Show that the interior of a non-degenerate convex polygon in $\mathbb{R}^2$ is homeomorphic to the open unit disk in $\mathbb{R}^2$.
My attempt: Let $P$ be the set of points in the polygon, let $c \in \text{int}(P)$. Consider arbitrary $x \in \text{int}(P)$, $x \neq c$. Let $R := \{c+t(x-c): t > 0\} \cap P$. Let $b := \sup_{y \in R} d(y, c)$. Define \begin{eqnarray*} f(x) := \frac{d(x,c)}{b}(x-c). \end{eqnarray*} Finally let $f(c) = (0,0)$.
The problem: while I am pretty sure this is the correct map, I am a hard time proving continuity as I cannot see how to get explicit formulas without knowing which polygon I am mapping to the open unit disk.
P.S. I've seen questions very close to this one, but all answers stopped short of explaining how to show continuity of the map.
First, your quantity $b$ is not a constant, it depends on the ray $R$, and so ostensibly $b$ depends on $x$. But it should be clear that $b=b(\theta)$ really only depends on the angle $\theta$ of the ray $R$. Let me denote $R(\theta)$ as the ray of angle $\theta$ emanating from $c$, and $p(\theta)$ as the point on $R(\theta) \cap P$ furthest from $c$, so $b(\theta) = |p(\theta)-c|$.

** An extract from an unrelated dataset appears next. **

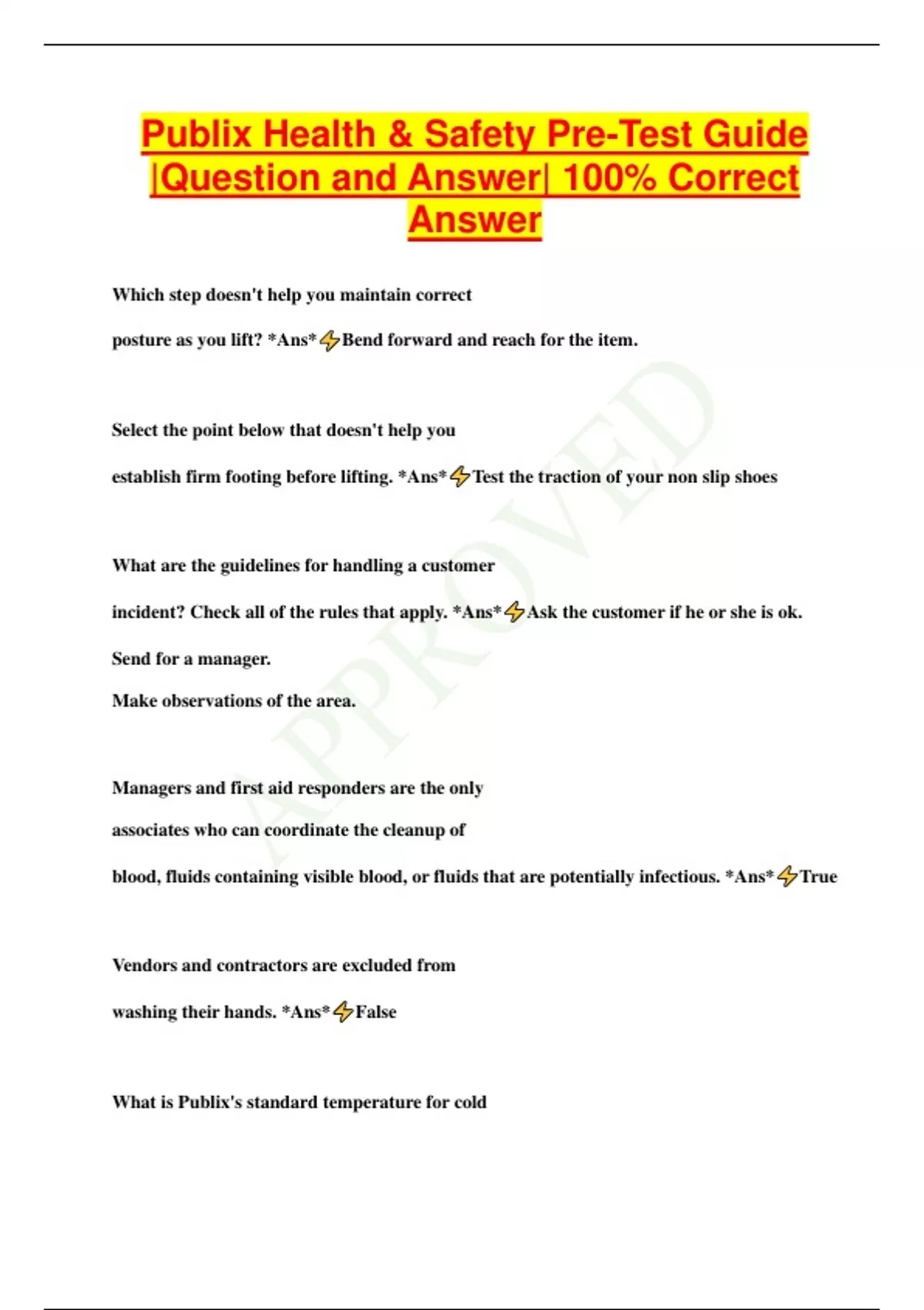 Publix Health & Safety Pre-Test Guide |Question and Answer| 100% Correct Answer Which step doesn't help you maintain correct posture as you lift? *Ans* Bend forward and reach for the item. Select the point below that doesn't help you establish firm footing before lifting. *Ans* Test the traction of your non slip shoes What are the guidelines for handling a customer incident? Check all of the rules that apply. *Ans* Ask the customer if he or she is ok. Send for a manager. Make observations of the area. Managers and first aid responders are the only associates who can coordinate the cleanup of blood, fluids containing visible blood, or fluids that are potentially infectious. *Ans* True Vendors and contractors are excluded from washing their hands. *Ans* False What is Publix's standard temperature for cold foods? *Ans* At or below 40 degrees Fahrenheit. What is Publix's standard temperature for hot foods? *Ans* At or above 140 degrees Fahrenheit. What do you do if you find a hot or cold item on a dry grocery shelf? *Ans* Find a manager and give them the item to decide if it's okay to re-shelve. Which of the following listed below do you not have to report to your manager? *Ans* Headache Which of the following isn't a food safety hazard? *Ans* Genetic How often should you wash your hands? *Ans* Frequently To identify a handwashing sink, y

The key is to prove that $b(\theta)$ is continuous at each $\theta_0$. Continuity of $f(x)$ away from $c$ then follows, because $\theta = \theta(x)$ has an obviously continuous formula near each $x \ne c$, involving the arctangent function.

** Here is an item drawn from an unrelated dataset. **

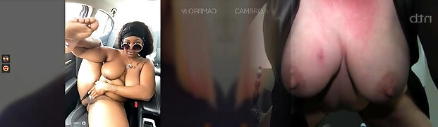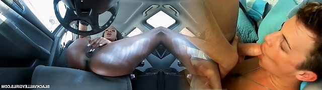 Caught sexy curly ebony babe Demi Sutra masturbating in a car and boned her on a bed

By convexity, there exists a closed half-plane $H$ with boundary line $L$ containing $p(\theta_0)$ such that $P \cap H \subset L$. Also, $c \not\in H$ by non degeneracy. Let $\overline H$ be the opposite half-plane to $H$ with the same boundary line $L$. It follows that for angles $\theta'$ near $\theta_0$ we have $p(\theta') \in \overline H$. From this it follows that $b(\theta)$ is upper semicontinuous.
Consider any angle $\theta'$ near $\theta_0$ (any $\theta'$ not pointing opposite $\theta_0$ will do). By convexity, for each $q \in \overline{p(\theta_0) p(\theta')}$ the interior of the segment $\overline{cq}$ must be contained in $P$. From this it follows that $b(\theta)$ is lower semicontinuous.